As the Democratic front-runner, he had that luxury.
“You can’t win ’em all,” Sanders told a rally in Virginia tonight before congratulating former Vice President Joe Biden on his first primary win.
The real march to the party’s presidential nomination begins on Tuesday, when 14 states vote. More than one-third of the delegates who will convene at the national convention in Milwaukee this summer are at stake Tuesday. The biggest prizes include California, Texas, and Virginia, where Sanders had already flown to tonight in a bid to make sure that his blowout loss to Biden was merely a hiccup, and nothing more.
Sanders remains well positioned in the Super Tuesday states, and unlike Biden, he has the money to capitalize on his narrow victory in New Hampshire and his much larger caucus win in Nevada last week.

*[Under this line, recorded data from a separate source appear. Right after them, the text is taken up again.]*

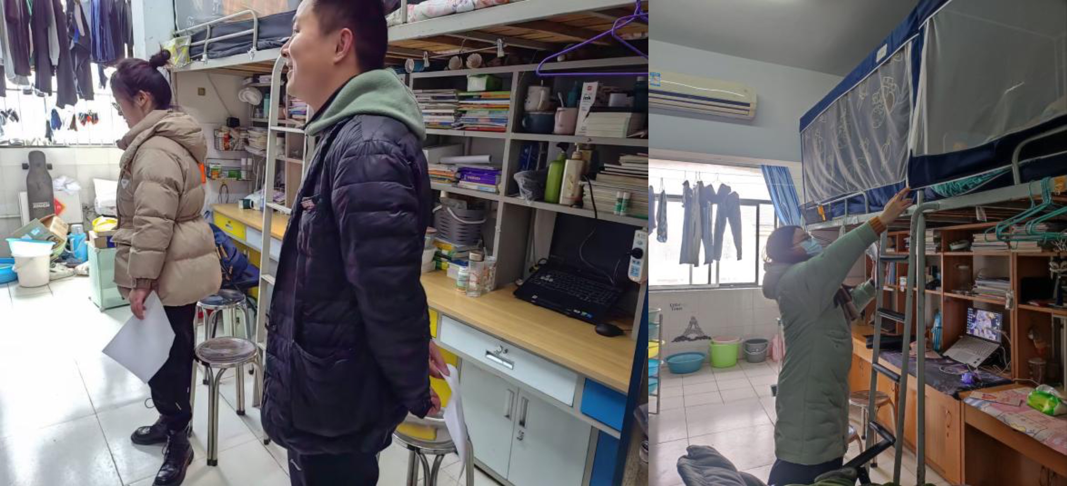 在开学报到期间,辅导员深入学生宿舍,与同学们亲切交流,了解他们的假期生活、社会实践及返校后的学习和生活状态,重点检查了生活区用水用电、防火安全情况。
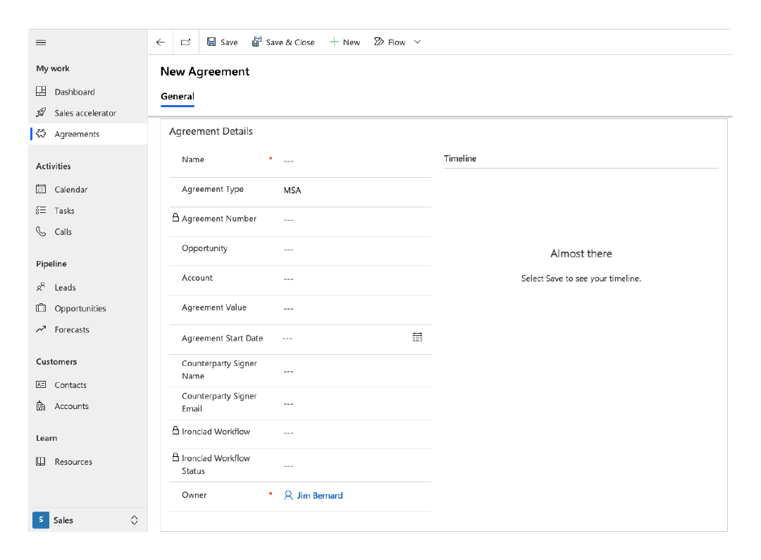 You should also update the default Form for the Agreement table, and add the Agreement table to your preferred Sales app in Dynamics so that you can easily create new Agreement records and see their status. Our example flows will also be using notes attached to the Agreement to show updates to the Ironclad workflow, so you should also add a Timeline component to the form so that those updates can be seen. As an example, the screen below shows a default form defined for the new Agreement table in Dynamics:
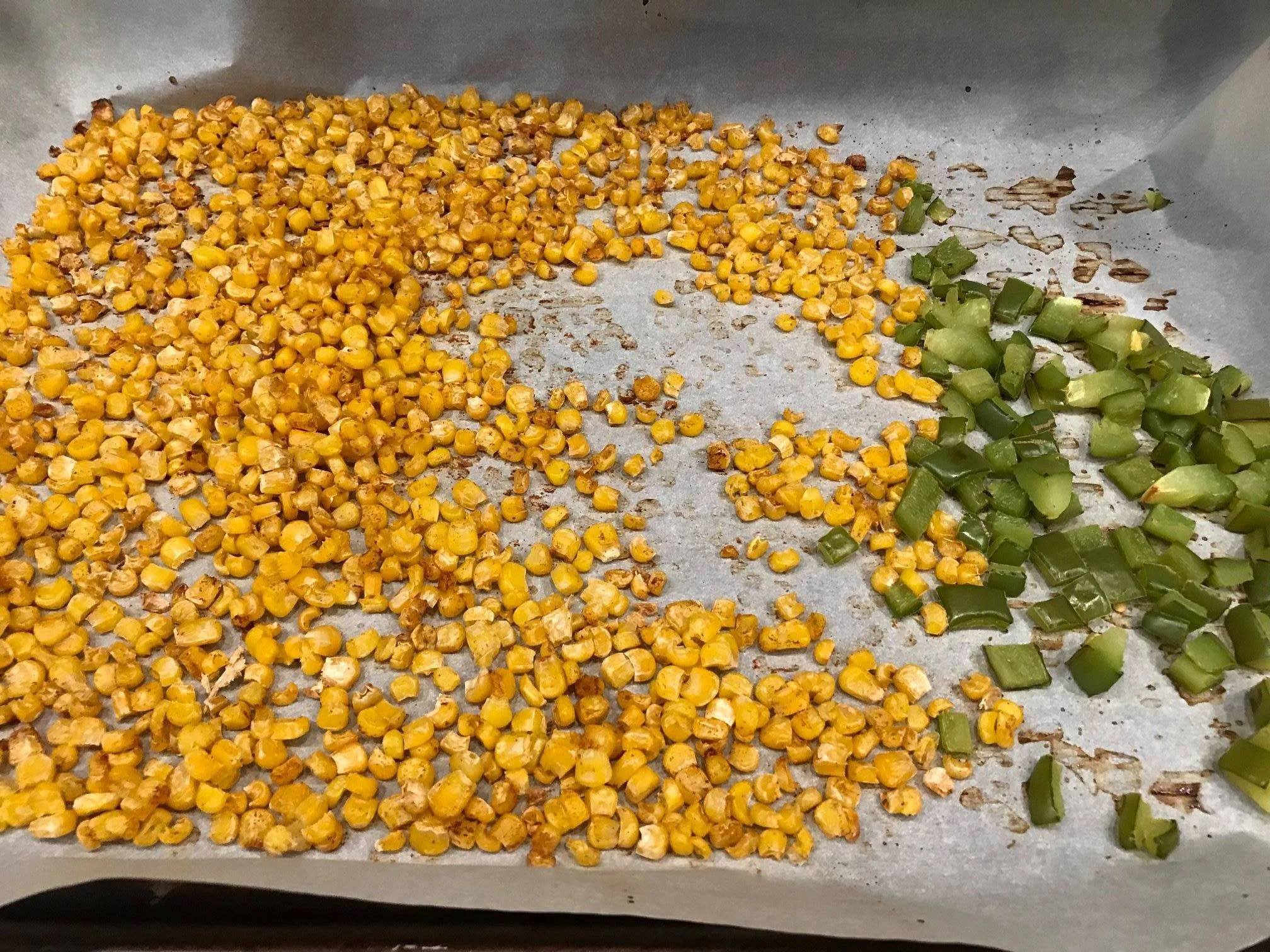 -Had it been grilling weather, I would have grilled corn on the cob and the bell pepper. Instead, I roasted the corn and chopped bell pepper in the oven though I don't think this step is necessary so you can skip it. (I tossed the corn with 1/2 tsp paprika, chopped the bell pepper, then placed them both on a baking sheet lined with parchment paper. Baked 400 degrees for 20 minutes, turning half way through.)
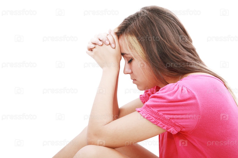 Девушка молится на белом фоне
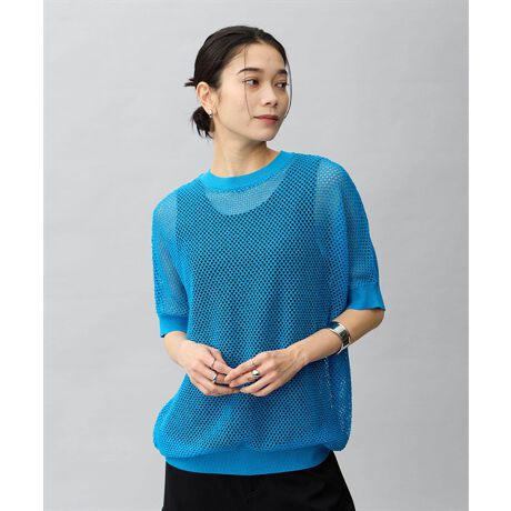透け感のあるメッシュ素材が涼しげな印象を与えるプルオーバー
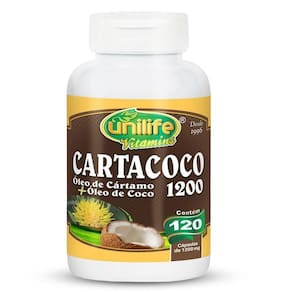 Kit 5 óleo de cartamo e coco cartacoco 1200mg unilife 120 cápsulas O cartacoco é um produto formulado para auxiliar dietas de redução de peso, pois combina o óleo de cártamo com o óleo de coco, dois ingredientes conhecidos por seus poderes na locomoção das gorduras, principalmente a abdominal. É um suplemento rico em ácidos graxos ômega 3 e ômega 6 com fator antioxidante. Além de ácido láurico que auxilia no e tem propriedade termogênica. O óleo de cártamo é rico em ácido oleico ômega 9 e linoleico ômega 6 gorduras boas que o corpo não produz, e que devem ser consumidas por meio da alimentação. Esses ômegas desempenham diversas funções e benefícios do organismo: ação no controle do total, redução de processos inflamatórios, proteção cardiovascular, entre outros. Já o óleo de coco é um lipídio, que proporciona aumento do metabolismo e . Auxilia nas dietas de redução de peso. O óleo de cártamo é rico em ômega 9 e 6, gorduras boas que o corpo não produz e que portanto devem ser consumidas por meio da alimentação. Esses ômegas desempenham diversas funções em benefício do organismo, entre elas podem ser citadas a ação no controle do total, redução de processos inflamatórios, proteção cardiovascular, entre outros. Marca: Não Informado Ean: 7908609502563
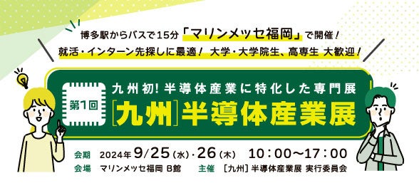 [九州]半導体産業展 実行委員会(実行委員長:安浦 寛人(九州大学 名誉教授)/運営:(株)イノベント)は、2024年9月25日(水)・26日(木)の2日間、マリンメッセ福岡(福岡県福岡市)にて、半導体産業に特化した展示会「第1回 [九州]半導体産業展」を開催いたします。
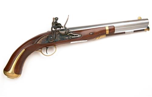 A REPRODUCTION .58 FLINTLOCK STAINLESS PISTOL SIGNED PEDERSOLI, MODEL HARPERS FERRY, serial no. 87702,
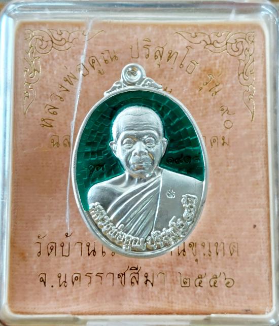 *** เหรียญ ฉลองวิหาร หลวงพ่อคูณ ปริสุทโธ เงินลงยาเขียว พร้อมกล่อง |
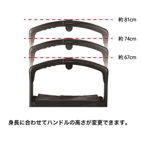 ハンドルは3段階で高さ調節ができ、約67cm~81cmまで対応。使用する方の身長やシーンに合わせてお使いいただけます。
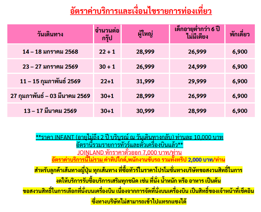 เดินทาง ม.ค.- มี.ค. 69 | โดยสายการบิน THAI VIET JET (VZ) | • เมืองฟุกุโอกะ • ศาลเจ้าดาไซฟุ • หมู่บ้านยูฟุอินฟลอร์รัล • ทะเลสาบคินริน • เมืองเบปปุ • บ่อยูมิ จิโกกุ • เมืองมิยะซะกิ • ศาลเจ้าอามาโนะ อิวาโตะ • หุบเขาทาคาชิโฮ • ช้อปปิ้งย่านชิโมโทริ • ผ่านชมปราสาทคุมาโมโต้ • ฟาร์มสตรอเบอร์รี่ • โทสุ พรีเมี่ยมเอ้าท์เล็ท • DUTY FREE • ช้อปปิ้งย่านเทนจิน
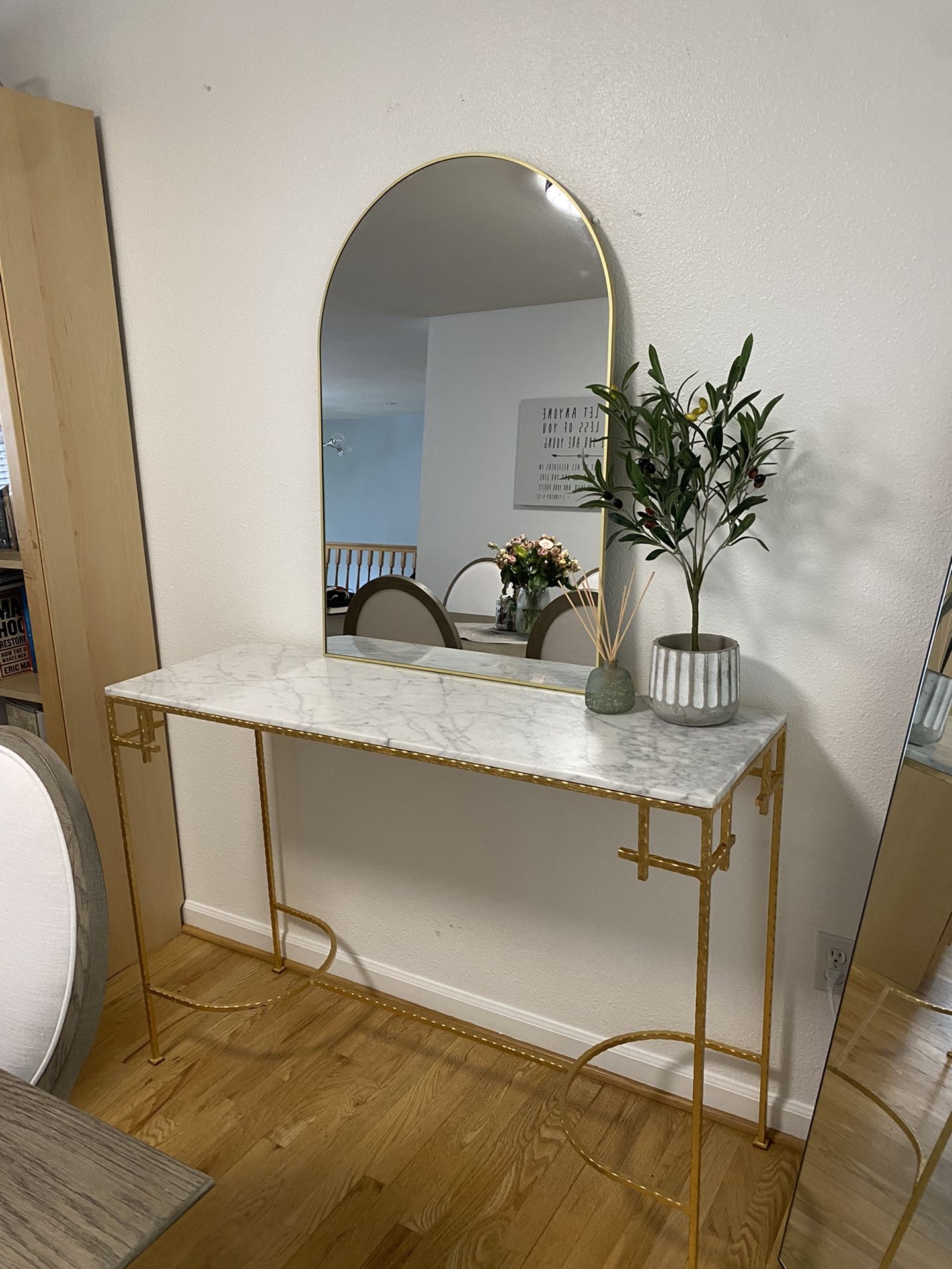 Marble consol /sideboard / vanity Salisbury & Manus Worlds Away Match Hammered Gold Leaf Consol With Marble Top Marble Consol WORLDS AWAY MARCY GOLD WHITE Originally $1,430.00 before tax Asking$500 obo Matching ottoman available Hammered Gold leaf console with white marble top. COLOR: Gold. White DIMENSIONS: 48"W X 33"H X 16'D Pick up in auburn 98001 Crate and barrel pottery barn CB2 Restoration Hardware target MCM boho vintage like heavy duty

He also is benefiting from early voting: More than 2 million people have already cast ballots in Democratic primaries in Super Tuesday states, potentially limiting the bounce that Biden will pick up from South Carolina. Nowhere is that more significant than in California, where Democrats have been voting for nearly a month and where polls show that Sanders is leading by as many as 20 points. The senator from Vermont is also up, though by a narrower margin, in Texas, and victories in those two states, along with strong results elsewhere, could ensure that Sanders emerges from Tuesday with a significant lead in overall delegates.